“So what?”
“So,” I continued, “the hospital placed restrictions on any transplant involving my tissue until further evaluation.”
His confidence disappeared.
“What restrictions?”
“The kind that make lawyers very interested.”
The transplant coordinator shifted uncomfortably.
I continued anyway.
“The doctors advised me not to proceed with any donation under coercion.

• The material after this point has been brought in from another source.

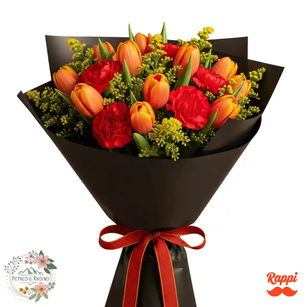 Un bouquet vibrante y lleno de energía donde los tulipanes naranjas destacan por su calidez y alegría, combinados con la intensidad de los claveles rojos que aportan carácter y profundidad. Los delicados follajes y detalles amarillos realzan la composición, creando un contraste armonioso y llamativo. Envuelto en un elegante papel negro con lazo rojo, este arreglo es perfecto para expresar pasión, entusiasmo y celebrar momentos especiales con un toque moderno y sofisticado.

They documented every conversation.”
Ethan went pale.
Every conversation.
Every text message.
Every threat.
Every demand that I ‘prove my loyalty.’
All of it.
Documented.
Suddenly the divorce papers on my bed didn’t look nearly as intimidating.
They looked reckless.
The next month unfolded faster than I could have imagined.
The transplant never happened.
A different donor was eventually found for Margaret.
Ethan filed for divorce.
Then my attorney filed something else.
Evidence of coercion.
Financial misconduct.
Hidden accounts.
And, most interestingly, proof that Ethan had been seeing the woman in red for almost two years.
The settlement negotiations became very different after that.
Very different.
Six months later, I stood on the balcony of my new apartment overlooking the water.
The divorce was finalized.
The assets had been divided.
And the research hospital that had discovered my rare genetic profile had offered me something unexpected: participation in a medical study that came with substantial compensation and future royalties tied to potential treatments developed from the research.
The irony wasn’t lost on me.
Ethan had treated my kidney like it was something he owned.
Something he could demand.
Something he could take.
Instead, it became the reason I finally understood my own worth.
One evening my phone buzzed.
A message from an unknown number.
I opened it.
It was Ethan.
Three words.
“I made mistakes.”
I stared at the screen for a moment.
Then I smiled.
Not because I hated him.
Not because I wanted revenge.
But because for the first time in years, his choices were no longer my burden.
I blocked the number.
Set down the phone.
And walked forward into a life that belonged entirely to me.